Problem details: Extract the lines up to and including the one that contains "Come see the", starting with the first line of the entries below, and omit the pictures.

(Data for this exercise begins)

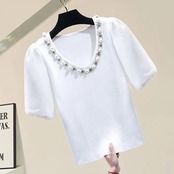 クロップドセーター服 V ビーズプルオーバーパフスリーブセータートップスプル Tシャツ
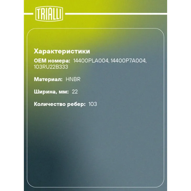 Ремень ГРМ для автомобилей Honda Civic VII (00-) 1.4i (103*22) (HNBR стекловолокно) GB 8994 TRIALLI
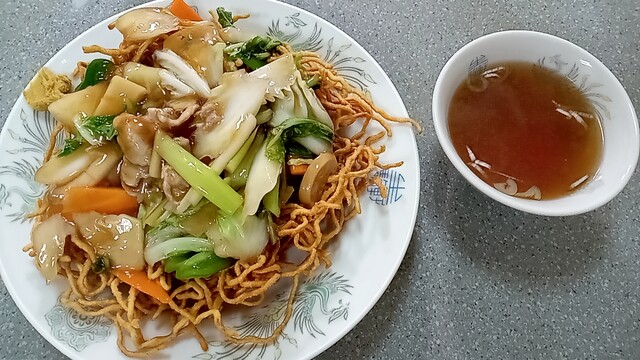 それとスープ。コレは優しい塩梅で文句なしに美味しいです。チャーハンとの相性もいい。
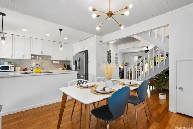 Come see the MODERN RENOVATIONS at this beautiful 3 bed, 2.5 bath, 2 parking townhome in Mililani! This end unit has extra privacy and features an open-concept kitchen with white cabinets, brass accents and stainless-steel appliances. Entertain guests from your spacious living room that leads to a covered patio and private yard, perfect for BBQs! All bedrooms are of a good size and the master bedroom is a true escape w/ large square footage and a barn door leading to a beautifully renovated en-suite. This complex is conveniently located near Mililani Town Center and is PET FRIENDLY!
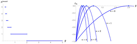 Let us recall the exact spectrum (17). At first glance, it seems to give an infinite number of the eigenvalues for . This is not the case. As seen above, for relatively large n, becomes imaginary. How do we exclude such n’s by looking at only the spectrum (17)? In the representation (17), this is understood as two branches of the square root of . We show in in the right panel of Figure 3 the spectrum against the parameter g. For a given negative energy ranging , we have two with quantum number n corresponding to different g. The left branch (solid line) gives the physical bound state energy because it is continuously connected with the classical point . The right branch (dashed line) is an unphysical mode that does not satisfy the bound state boundary condition.6 For a fixed value of g, highly excited states are mostly on the unphysical branch.
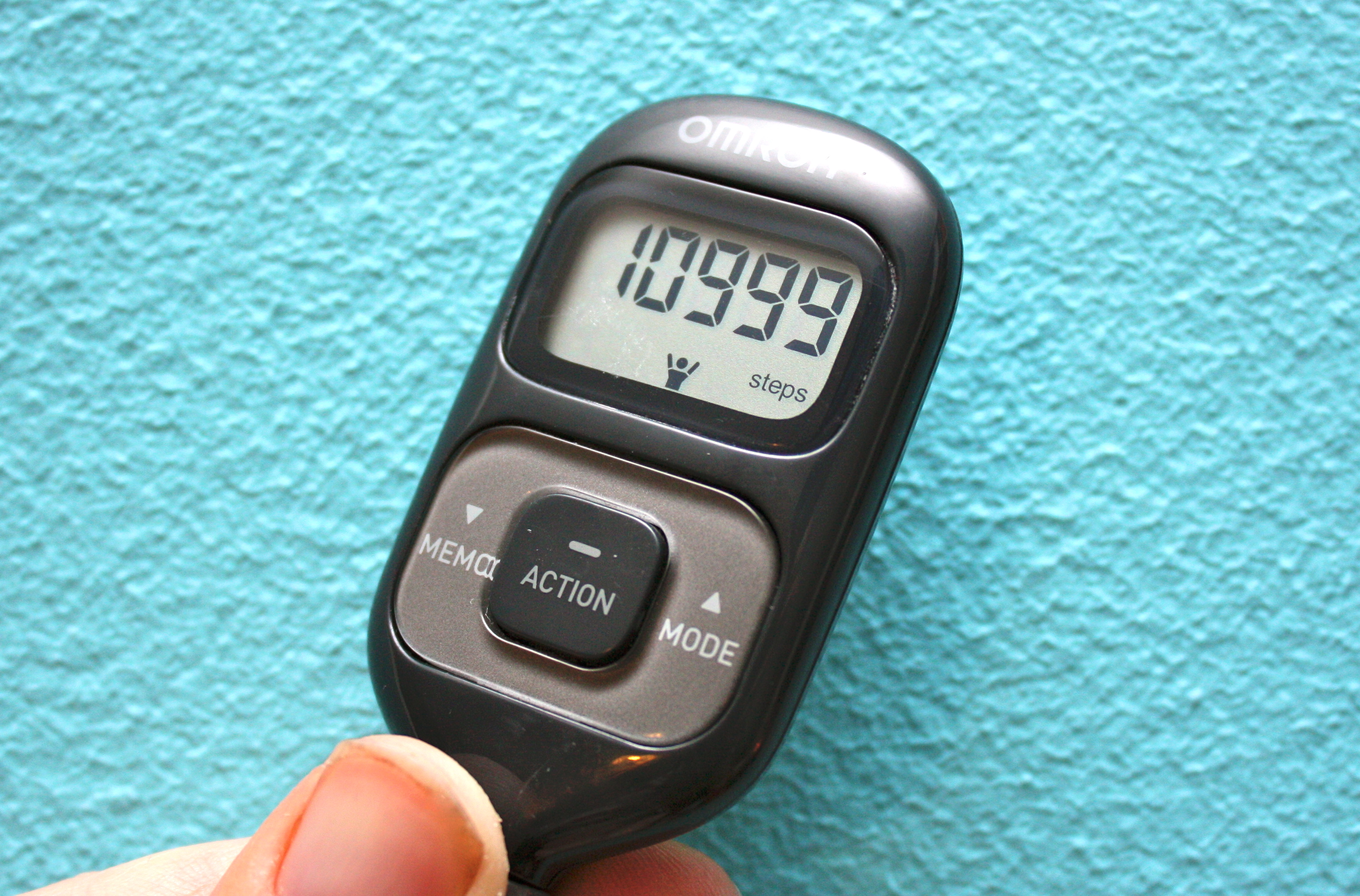 Sain joulupukilta toivomani askelmittarin. Tämmönen joku Omronin malli, jonka äitini on rankannut ja todennut markkinoiden parhaaksi useiden eri värkkien joukosta. Hänen mukaansa askelmittarien helmasynti on tilastoida vain joka toinen askel (jos siis mittaria pitää toisessa taskussa eikä keskellä esim. housujen vyötärönauhassa) ja jumauttaa mittaukset kävelytauon jälkeen (siis että liikkeelle lähtö vaati aina kunnon hypähdyksen, jotta laskuri alkaa taas seisahduksen jälkeen raksuttaa – älkää kysykö, millaisin empiirisin kokein hän on tämän selvittänyt). Tässä mittarissa ei siis tarvitse huolehtia näistä puutteista, vaan malli on meitin äitin hyväksymä. Ja positiiviseksi ominaisuudeksi nimettäköön myös pikku-ukko, joka tuulettaa, kun 10 000 askelta tulee täyteen.

(Data for this exercise ends)

Written solution:
 クロップドセーター服 V ビーズプルオーバーパフスリーブセータートップスプル Tシャツ
 Ремень ГРМ для автомобилей Honda Civic VII (00-) 1.4i (103*22) (HNBR стекловолокно) GB 8994 TRIALLI
 それとスープ。コレは優しい塩梅で文句なしに美味しいです。チャーハンとの相性もいい。
 Come see the MODERN RENOVATIONS at this beautiful 3 bed, 2.5 bath, 2 parking townhome in Mililani! This end unit has extra privacy and features an open-concept kitchen with white cabinets, brass accents and stainless-steel appliances. Entertain guests from your spacious living room that leads to a covered patio and private yard, perfect for BBQs! All bedrooms are of a good size and the master bedroom is a true escape w/ large square footage and a barn door leading to a beautifully renovated en-suite. This complex is conveniently located near Mililani Town Center and is PET FRIENDLY!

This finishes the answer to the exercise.